== STUDY MATERIAL ==
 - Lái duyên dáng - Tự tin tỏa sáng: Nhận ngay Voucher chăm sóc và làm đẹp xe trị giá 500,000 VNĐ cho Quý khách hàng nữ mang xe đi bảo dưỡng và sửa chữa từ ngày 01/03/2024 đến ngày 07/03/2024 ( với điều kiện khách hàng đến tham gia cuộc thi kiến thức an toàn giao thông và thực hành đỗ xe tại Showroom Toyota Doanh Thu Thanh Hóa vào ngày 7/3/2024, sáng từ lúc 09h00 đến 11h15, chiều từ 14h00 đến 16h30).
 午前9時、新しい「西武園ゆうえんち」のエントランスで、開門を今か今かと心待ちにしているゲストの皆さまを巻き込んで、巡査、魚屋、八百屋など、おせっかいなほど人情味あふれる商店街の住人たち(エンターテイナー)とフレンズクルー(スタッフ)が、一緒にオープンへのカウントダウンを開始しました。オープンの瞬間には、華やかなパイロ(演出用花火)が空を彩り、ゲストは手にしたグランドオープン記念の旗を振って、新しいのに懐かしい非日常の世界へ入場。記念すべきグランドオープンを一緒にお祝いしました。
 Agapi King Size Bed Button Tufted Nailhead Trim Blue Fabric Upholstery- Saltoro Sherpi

--

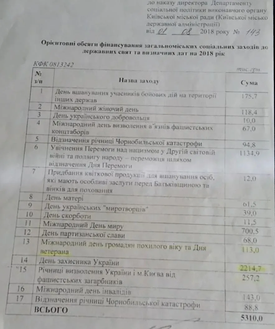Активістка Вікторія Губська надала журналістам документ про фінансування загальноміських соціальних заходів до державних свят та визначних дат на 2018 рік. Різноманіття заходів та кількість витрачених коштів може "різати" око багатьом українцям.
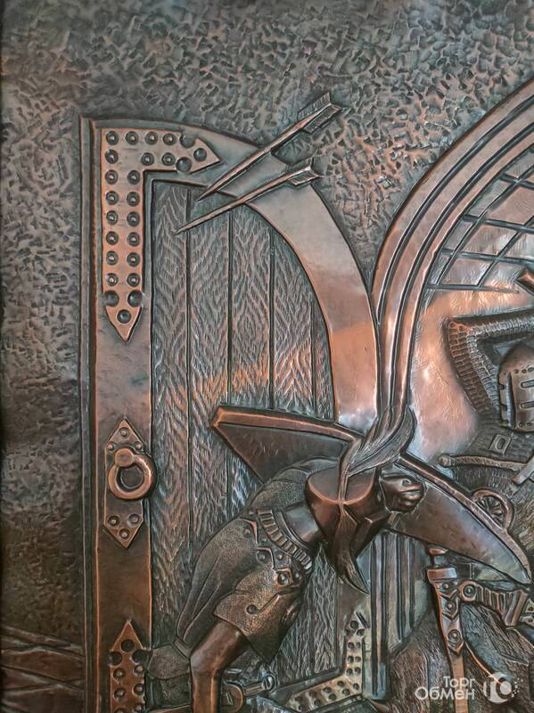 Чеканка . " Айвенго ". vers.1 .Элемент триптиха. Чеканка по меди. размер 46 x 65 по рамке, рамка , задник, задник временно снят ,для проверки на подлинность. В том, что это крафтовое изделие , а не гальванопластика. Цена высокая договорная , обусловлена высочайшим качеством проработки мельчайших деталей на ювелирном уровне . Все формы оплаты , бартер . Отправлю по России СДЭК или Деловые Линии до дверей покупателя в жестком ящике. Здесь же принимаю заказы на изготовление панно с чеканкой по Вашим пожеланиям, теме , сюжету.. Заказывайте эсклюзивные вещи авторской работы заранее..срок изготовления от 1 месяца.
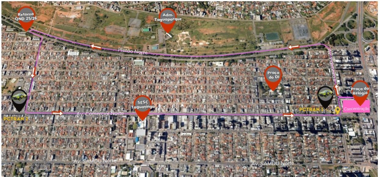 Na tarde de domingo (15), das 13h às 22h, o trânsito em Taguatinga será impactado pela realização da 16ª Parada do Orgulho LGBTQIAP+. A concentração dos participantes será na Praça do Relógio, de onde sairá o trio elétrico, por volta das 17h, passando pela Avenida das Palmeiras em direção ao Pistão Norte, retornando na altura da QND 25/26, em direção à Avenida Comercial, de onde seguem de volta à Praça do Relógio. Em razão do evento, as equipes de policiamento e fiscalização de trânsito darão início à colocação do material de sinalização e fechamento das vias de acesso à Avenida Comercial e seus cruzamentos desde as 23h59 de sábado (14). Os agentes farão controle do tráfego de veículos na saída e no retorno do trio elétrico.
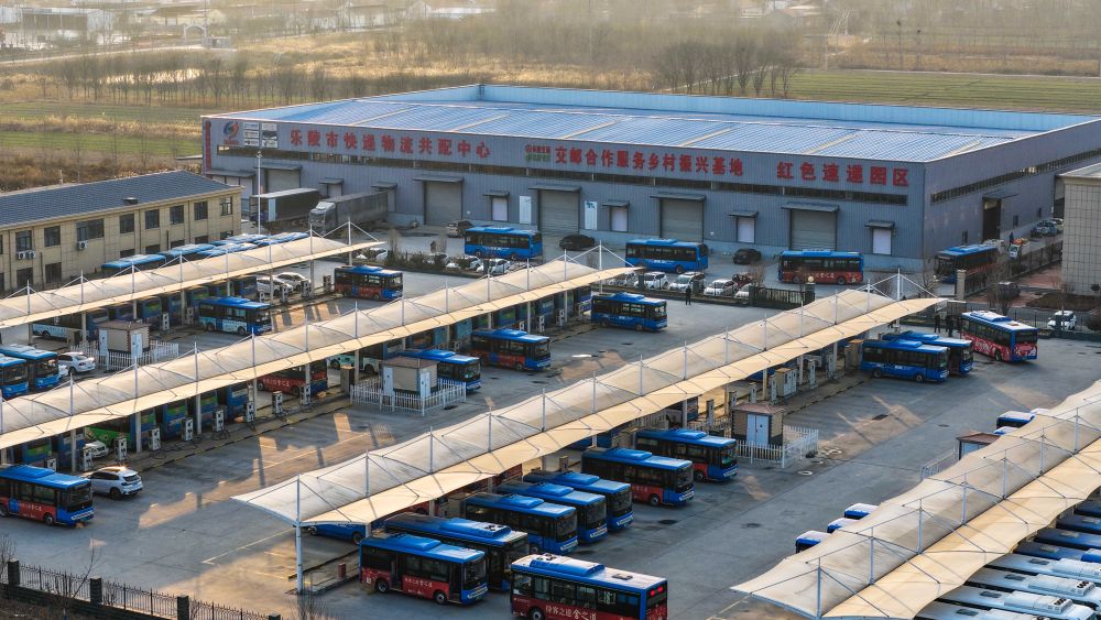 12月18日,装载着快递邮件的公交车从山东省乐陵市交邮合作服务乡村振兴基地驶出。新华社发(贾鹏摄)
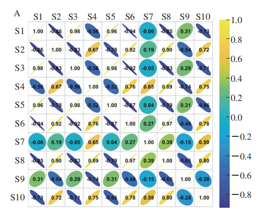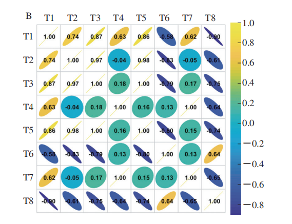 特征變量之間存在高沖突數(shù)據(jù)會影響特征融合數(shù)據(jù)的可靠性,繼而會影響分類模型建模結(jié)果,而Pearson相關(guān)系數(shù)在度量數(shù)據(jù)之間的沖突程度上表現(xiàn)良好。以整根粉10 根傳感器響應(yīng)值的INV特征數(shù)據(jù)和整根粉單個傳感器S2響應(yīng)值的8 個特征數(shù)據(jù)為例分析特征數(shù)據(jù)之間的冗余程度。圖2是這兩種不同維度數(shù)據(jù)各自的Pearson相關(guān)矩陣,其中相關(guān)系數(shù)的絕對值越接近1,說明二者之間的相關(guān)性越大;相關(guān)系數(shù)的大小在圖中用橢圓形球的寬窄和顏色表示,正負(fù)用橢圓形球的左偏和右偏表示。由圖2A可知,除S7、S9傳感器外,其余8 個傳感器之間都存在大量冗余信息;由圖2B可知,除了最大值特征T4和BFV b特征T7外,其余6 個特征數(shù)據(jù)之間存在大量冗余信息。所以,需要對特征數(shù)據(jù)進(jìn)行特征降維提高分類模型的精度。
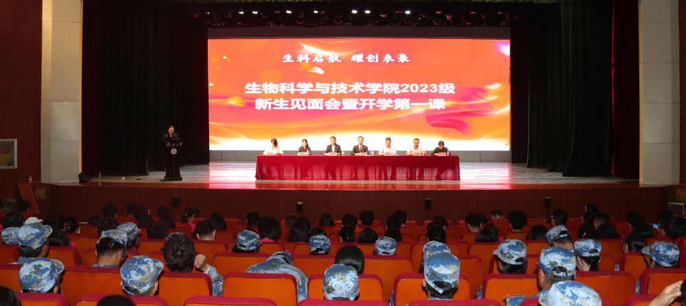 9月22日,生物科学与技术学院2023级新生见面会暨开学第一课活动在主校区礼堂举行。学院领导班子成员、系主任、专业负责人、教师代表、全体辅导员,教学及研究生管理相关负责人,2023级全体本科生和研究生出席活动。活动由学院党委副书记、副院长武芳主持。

== INSTRUCTIONS FOR THE TASK ==
Going by the data above, give back only the lines from the one containing "от 1 месяца." through the one containing "9月22日,生物科学与技术学", exactly as they stand, both ends included and no images.

== FINAL ANSWER ==
 Чеканка . " Айвенго ". vers.1 .Элемент триптиха. Чеканка по меди. размер 46 x 65 по рамке, рамка , задник, задник временно снят ,для проверки на подлинность. В том, что это крафтовое изделие , а не гальванопластика. Цена высокая договорная , обусловлена высочайшим качеством проработки мельчайших деталей на ювелирном уровне . Все формы оплаты , бартер . Отправлю по России СДЭК или Деловые Линии до дверей покупателя в жестком ящике. Здесь же принимаю заказы на изготовление панно с чеканкой по Вашим пожеланиям, теме , сюжету.. Заказывайте эсклюзивные вещи авторской работы заранее..срок изготовления от 1 месяца.
 Na tarde de domingo (15), das 13h às 22h, o trânsito em Taguatinga será impactado pela realização da 16ª Parada do Orgulho LGBTQIAP+. A concentração dos participantes será na Praça do Relógio, de onde sairá o trio elétrico, por volta das 17h, passando pela Avenida das Palmeiras em direção ao Pistão Norte, retornando na altura da QND 25/26, em direção à Avenida Comercial, de onde seguem de volta à Praça do Relógio. Em razão do evento, as equipes de policiamento e fiscalização de trânsito darão início à colocação do material de sinalização e fechamento das vias de acesso à Avenida Comercial e seus cruzamentos desde as 23h59 de sábado (14). Os agentes farão controle do tráfego de veículos na saída e no retorno do trio elétrico.
 12月18日,装载着快递邮件的公交车从山东省乐陵市交邮合作服务乡村振兴基地驶出。新华社发(贾鹏摄)
 特征變量之間存在高沖突數(shù)據(jù)會影響特征融合數(shù)據(jù)的可靠性,繼而會影響分類模型建模結(jié)果,而Pearson相關(guān)系數(shù)在度量數(shù)據(jù)之間的沖突程度上表現(xiàn)良好。以整根粉10 根傳感器響應(yīng)值的INV特征數(shù)據(jù)和整根粉單個傳感器S2響應(yīng)值的8 個特征數(shù)據(jù)為例分析特征數(shù)據(jù)之間的冗余程度。圖2是這兩種不同維度數(shù)據(jù)各自的Pearson相關(guān)矩陣,其中相關(guān)系數(shù)的絕對值越接近1,說明二者之間的相關(guān)性越大;相關(guān)系數(shù)的大小在圖中用橢圓形球的寬窄和顏色表示,正負(fù)用橢圓形球的左偏和右偏表示。由圖2A可知,除S7、S9傳感器外,其余8 個傳感器之間都存在大量冗余信息;由圖2B可知,除了最大值特征T4和BFV b特征T7外,其余6 個特征數(shù)據(jù)之間存在大量冗余信息。所以,需要對特征數(shù)據(jù)進(jìn)行特征降維提高分類模型的精度。
 9月22日,生物科学与技术学院2023级新生见面会暨开学第一课活动在主校区礼堂举行。学院领导班子成员、系主任、专业负责人、教师代表、全体辅导员,教学及研究生管理相关负责人,2023级全体本科生和研究生出席活动。活动由学院党委副书记、副院长武芳主持。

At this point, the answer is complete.